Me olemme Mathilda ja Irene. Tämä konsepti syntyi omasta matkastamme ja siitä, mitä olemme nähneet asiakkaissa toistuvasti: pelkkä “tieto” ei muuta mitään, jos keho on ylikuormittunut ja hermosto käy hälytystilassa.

* * *

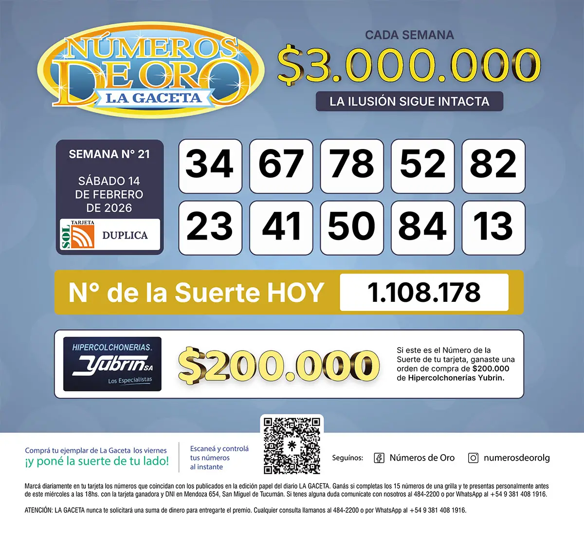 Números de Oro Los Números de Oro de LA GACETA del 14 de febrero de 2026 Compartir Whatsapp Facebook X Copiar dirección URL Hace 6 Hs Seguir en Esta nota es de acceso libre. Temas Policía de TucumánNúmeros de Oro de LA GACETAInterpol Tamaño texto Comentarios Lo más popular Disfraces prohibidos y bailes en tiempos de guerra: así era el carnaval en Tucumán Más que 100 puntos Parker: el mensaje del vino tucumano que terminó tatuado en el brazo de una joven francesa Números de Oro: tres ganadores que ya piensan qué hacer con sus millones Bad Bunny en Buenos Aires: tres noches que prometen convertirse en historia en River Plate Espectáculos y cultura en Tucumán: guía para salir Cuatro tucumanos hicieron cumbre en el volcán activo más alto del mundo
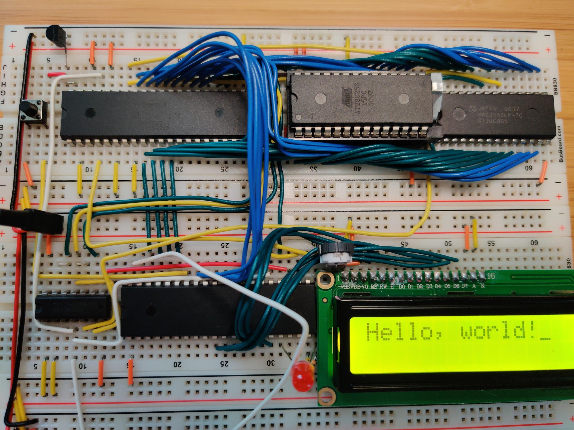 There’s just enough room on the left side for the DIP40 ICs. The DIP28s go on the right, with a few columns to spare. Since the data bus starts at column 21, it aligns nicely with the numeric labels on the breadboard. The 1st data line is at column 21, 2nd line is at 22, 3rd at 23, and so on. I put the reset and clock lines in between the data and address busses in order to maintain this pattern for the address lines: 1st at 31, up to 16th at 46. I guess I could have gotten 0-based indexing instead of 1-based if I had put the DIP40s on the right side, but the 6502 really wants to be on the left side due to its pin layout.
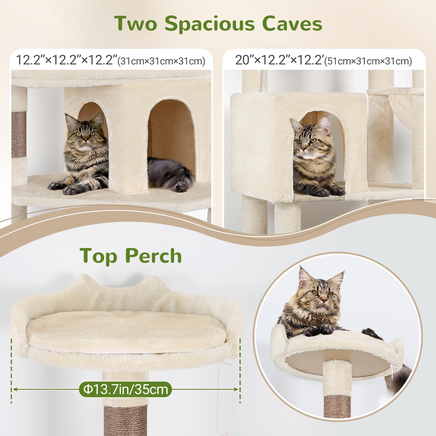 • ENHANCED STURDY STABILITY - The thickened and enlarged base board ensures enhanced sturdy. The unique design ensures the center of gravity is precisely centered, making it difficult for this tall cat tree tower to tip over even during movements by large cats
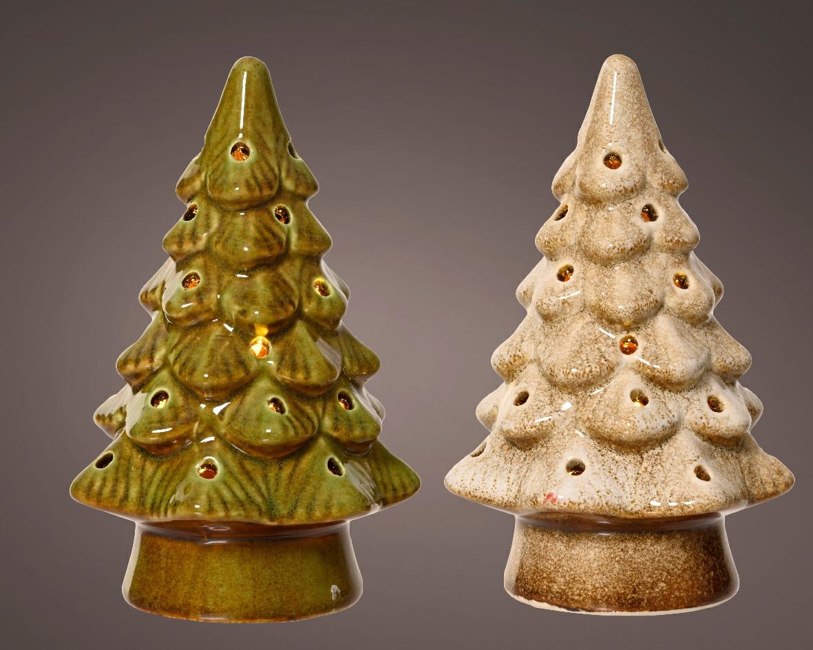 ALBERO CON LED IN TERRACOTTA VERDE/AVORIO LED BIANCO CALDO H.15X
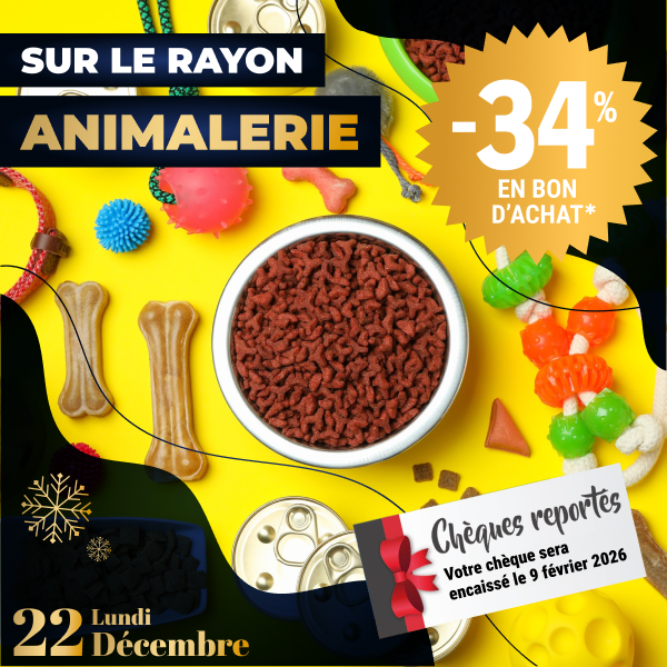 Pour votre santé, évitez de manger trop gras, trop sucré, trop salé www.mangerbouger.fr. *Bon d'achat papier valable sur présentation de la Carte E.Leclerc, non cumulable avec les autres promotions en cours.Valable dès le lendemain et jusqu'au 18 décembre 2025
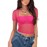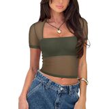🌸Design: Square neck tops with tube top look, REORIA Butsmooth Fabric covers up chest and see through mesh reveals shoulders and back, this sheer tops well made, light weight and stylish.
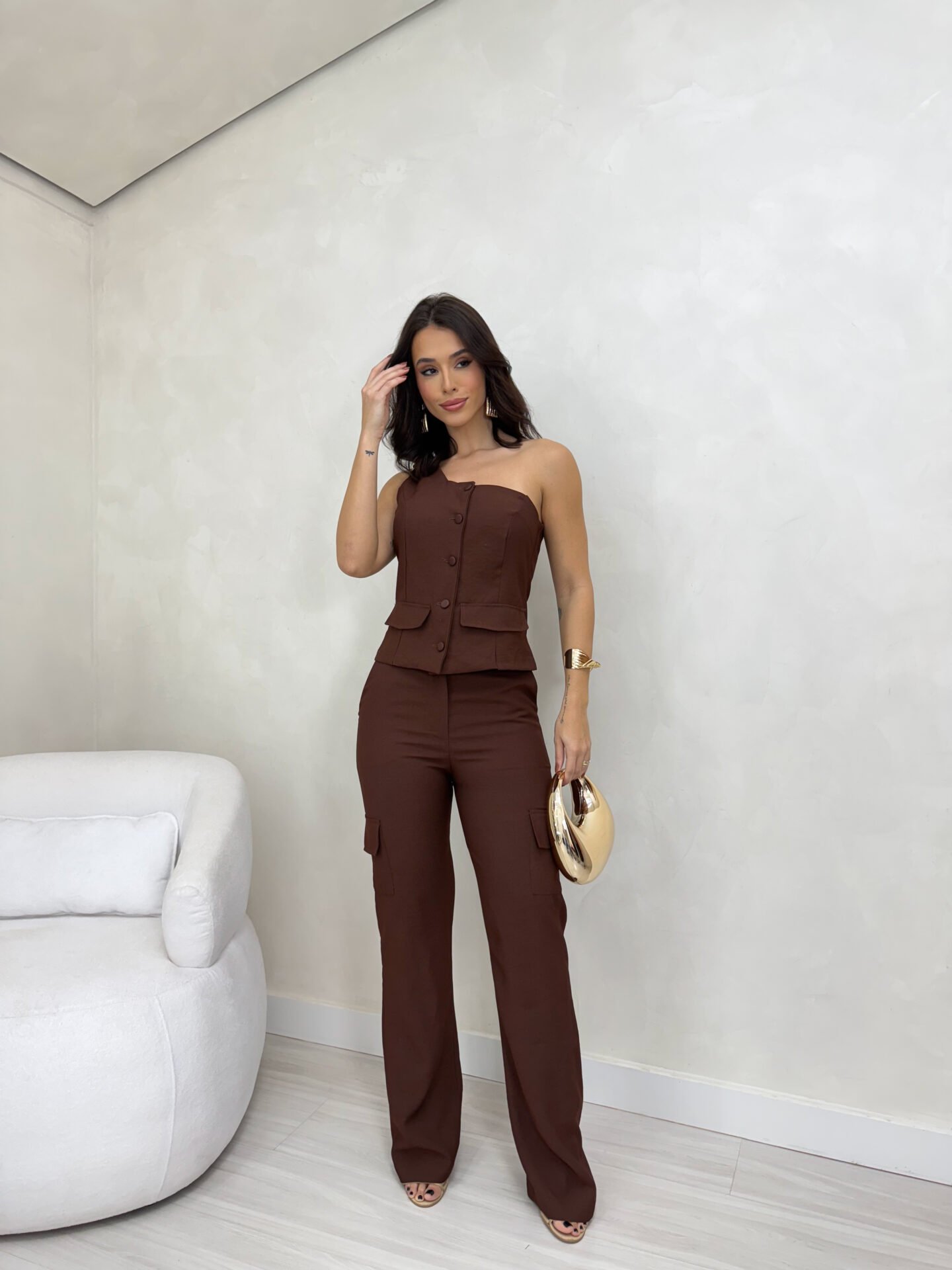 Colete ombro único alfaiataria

--

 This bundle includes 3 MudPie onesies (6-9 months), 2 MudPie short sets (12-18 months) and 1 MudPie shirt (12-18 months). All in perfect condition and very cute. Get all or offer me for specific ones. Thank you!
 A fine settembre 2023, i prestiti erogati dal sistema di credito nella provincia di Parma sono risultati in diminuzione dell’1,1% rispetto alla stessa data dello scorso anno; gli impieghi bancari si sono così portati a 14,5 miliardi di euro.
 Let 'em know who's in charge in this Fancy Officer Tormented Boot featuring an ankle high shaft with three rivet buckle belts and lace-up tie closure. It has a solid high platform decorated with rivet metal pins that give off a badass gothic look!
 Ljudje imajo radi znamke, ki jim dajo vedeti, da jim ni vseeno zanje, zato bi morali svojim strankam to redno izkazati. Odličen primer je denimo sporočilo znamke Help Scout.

- **What the task asks**: Output should consist of the lines above from the one with "There’s just enough" down to the one with "ALBERO CON LED", exact and without pictures.

- **Reply**:
 There’s just enough room on the left side for the DIP40 ICs. The DIP28s go on the right, with a few columns to spare. Since the data bus starts at column 21, it aligns nicely with the numeric labels on the breadboard. The 1st data line is at column 21, 2nd line is at 22, 3rd at 23, and so on. I put the reset and clock lines in between the data and address busses in order to maintain this pattern for the address lines: 1st at 31, up to 16th at 46. I guess I could have gotten 0-based indexing instead of 1-based if I had put the DIP40s on the right side, but the 6502 really wants to be on the left side due to its pin layout.
 • ENHANCED STURDY STABILITY - The thickened and enlarged base board ensures enhanced sturdy. The unique design ensures the center of gravity is precisely centered, making it difficult for this tall cat tree tower to tip over even during movements by large cats
 ALBERO CON LED IN TERRACOTTA VERDE/AVORIO LED BIANCO CALDO H.15X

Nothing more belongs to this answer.